On 22 September 1876, Governor James L. Kemper issued a conditional pardon to six inmates housed at the Virginia State Penitentiary in Richmond. He explained his action by noting that all but one was “under seventeen years of age.” Further, he characterized the boys’ actions—stealing and consuming food from a hotel dining room—as an “impulsive and frolicsome freak of boyhood.”  Kemper’s pardon and the appeals that prompted it, shed light on a tricky question— what did age mean to Virginians in the nineteenth century, particularly as it related to criminal responsibility?

The Virginians pardoned by the Governor—James Gibson, Charles Tosh, John Lyle, Rufus Percival, James Allen, and David Austin—were committed to the penitentiary on 11 May 1876. The Wythe County Court had sentenced the youths to five years in the penitentiary for burglary and theft of food valued at under $9. These six young prisoners became part of a penitentiary population that grew rapidly between the end of the Civil War and the beginning of the twentieth century. Over 2,000 Virginians between the ages of nine and seventeen passed through the gates of the State Penitentiary between 1865 and 1902. The large population of young convicts demonstrated the relative indifference of Virginia law to age as a mitigating factor in assessing criminal culpability and determining sentences. Prior to the 1890s the state lacked separate facilities to house young offenders convicted of crimes, and it was not until the 1920s that a system of juvenile courts developed. The population of children incarcerated in the state also reflected the discriminatory application of law that left African American children particularly vulnerable to incarceration.

Most young inmates are difficult to trace in archival records beyond the penitentiary’s prison registers in which authorities recorded prisoners’ date of commitment, sentence, and crime, along with descriptive information like height, color, and notable marks.  Gibson, Tosh, Lyle, Percival, Allen, and Austin were unusual, however.
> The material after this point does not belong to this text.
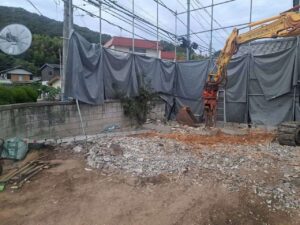 コンクリート基礎を重機で破砕・撤去しました。また、フェンス・カーポート・物置など外構部分も合わせて撤去しています。地中の排水桝・配管類も掘り起こして確認・処分しました。

Unlike most prisoners, they did not serve out their full sentences. In this instance, the prisoners were released after three months of hard labor and the additional punishment of thirty-nine lashes. The governor’s pardon reflected an effective lobbying effort by community members who sought the youths’ release. Their appeals, along with records of the court’s deliberations, were attached to the prisoners’ pardon application, now filed in the Secretary of the Commonwealth Executive Papers at the Library of Virginia. Those records provide insight into the prisoners’ families, community views of witnesses’ reliability, and the social habits of young men.

Further, they reveal that Virginians’ ideas about youth and criminal culpability were unsettled, as the law seemed to dictate one outcome while the public pushed for another. Although spared their full sentence, James Gibson and his friends learned that a “frolicsome freak of boyhood” could be a dangerous proposition in nineteenth century Virginia.